PROBLEM TO SOLVE
What is printed must match, line for line, the records from their first line through the line containing "Encastré faible profondeur", with pictures left out.

*-*-*

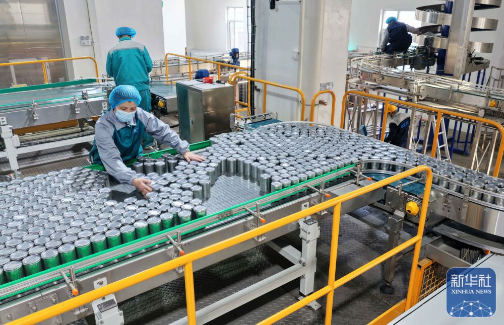 ↑ 12月15日,工人在山东省临沂市沂南县铜井镇宠物食品产业园宠物食品生产线忙碌。新华社发(王彦冰摄)
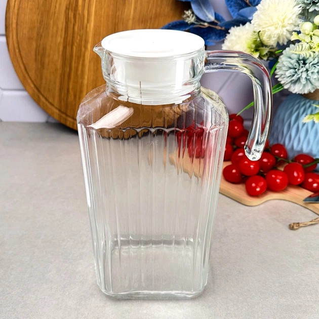 Скляний глечик 1.7 л з білою кришкою Люмінарк Quadro
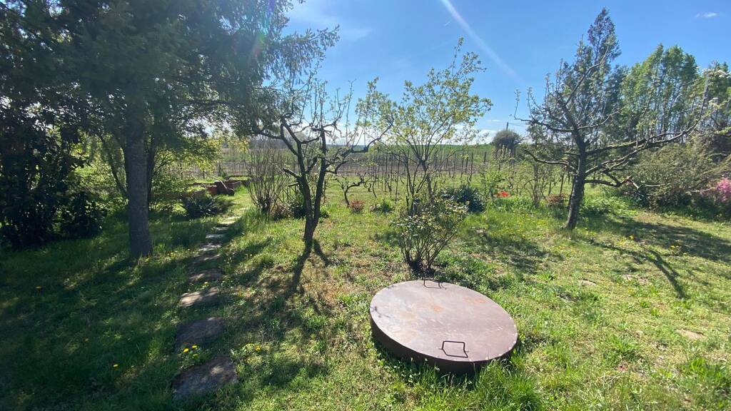 Im Garten: Kiefern, Obstbäume und 10 Reihen Weinreben in Kulturpflege
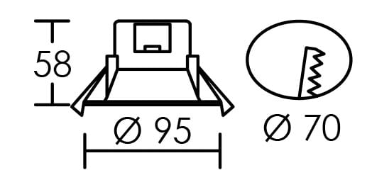 Encastré faible profondeur - Très bonne efficacité lumineuse de 90 à 100 lm/W - Application : sanitaires SDB volume 2 - Option collerette inox - Connexion sans outil
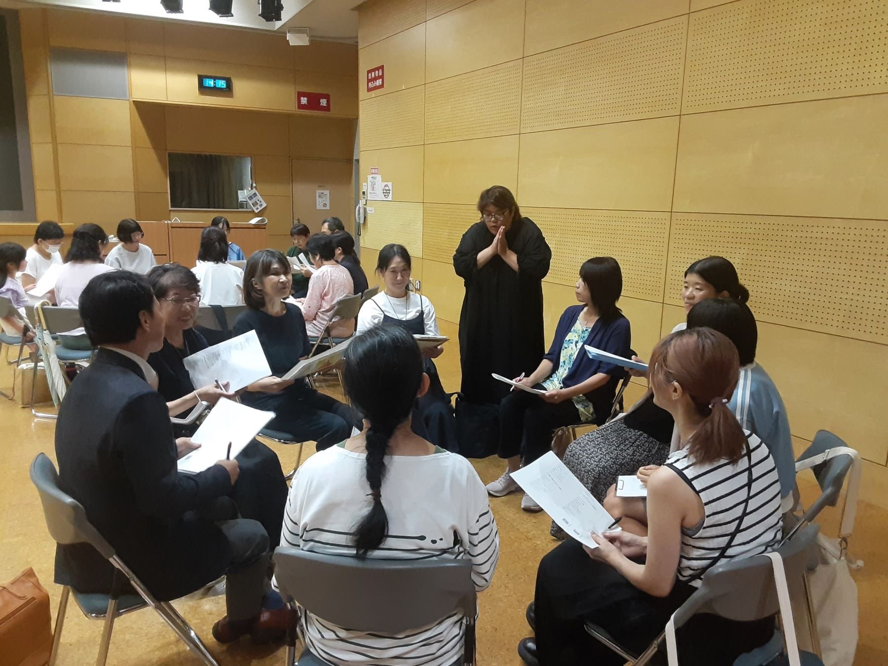 Together with the "Theatrical group Flat", participatory reading session was held in which participants read aloud poems about the atomic bomb written by children. Divided into small groups, participants practiced reading while reflecting on the feelings of the children who wrote the poems.
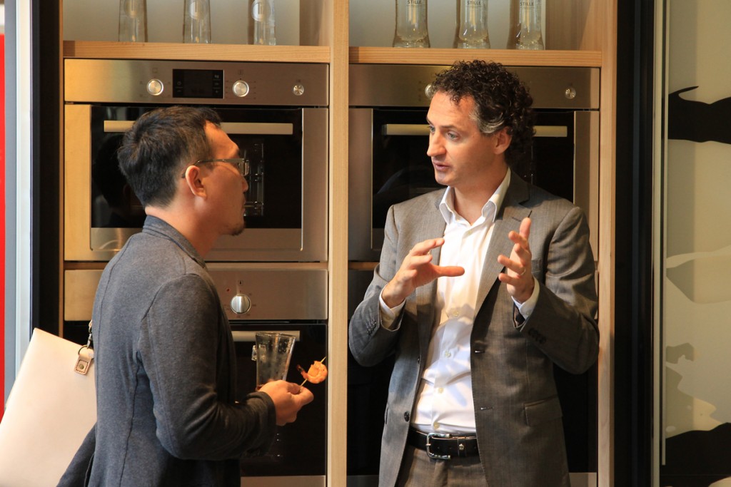 Anche qui, come nei più importanti showroom Valcucine, c’è un’area informazioni dove schizzi progettuali e sezioni di ante, top, basi ed elementi ergonomici sono esposti per raccontare il valore delle cucine in termini di sostenibilità, ergonomia, funzionalità e qualità.

*-*-*

FINAL ANSWER
 ↑ 12月15日,工人在山东省临沂市沂南县铜井镇宠物食品产业园宠物食品生产线忙碌。新华社发(王彦冰摄)
 Скляний глечик 1.7 л з білою кришкою Люмінарк Quadro
 Im Garten: Kiefern, Obstbäume und 10 Reihen Weinreben in Kulturpflege
 Encastré faible profondeur - Très bonne efficacité lumineuse de 90 à 100 lm/W - Application : sanitaires SDB volume 2 - Option collerette inox - Connexion sans outil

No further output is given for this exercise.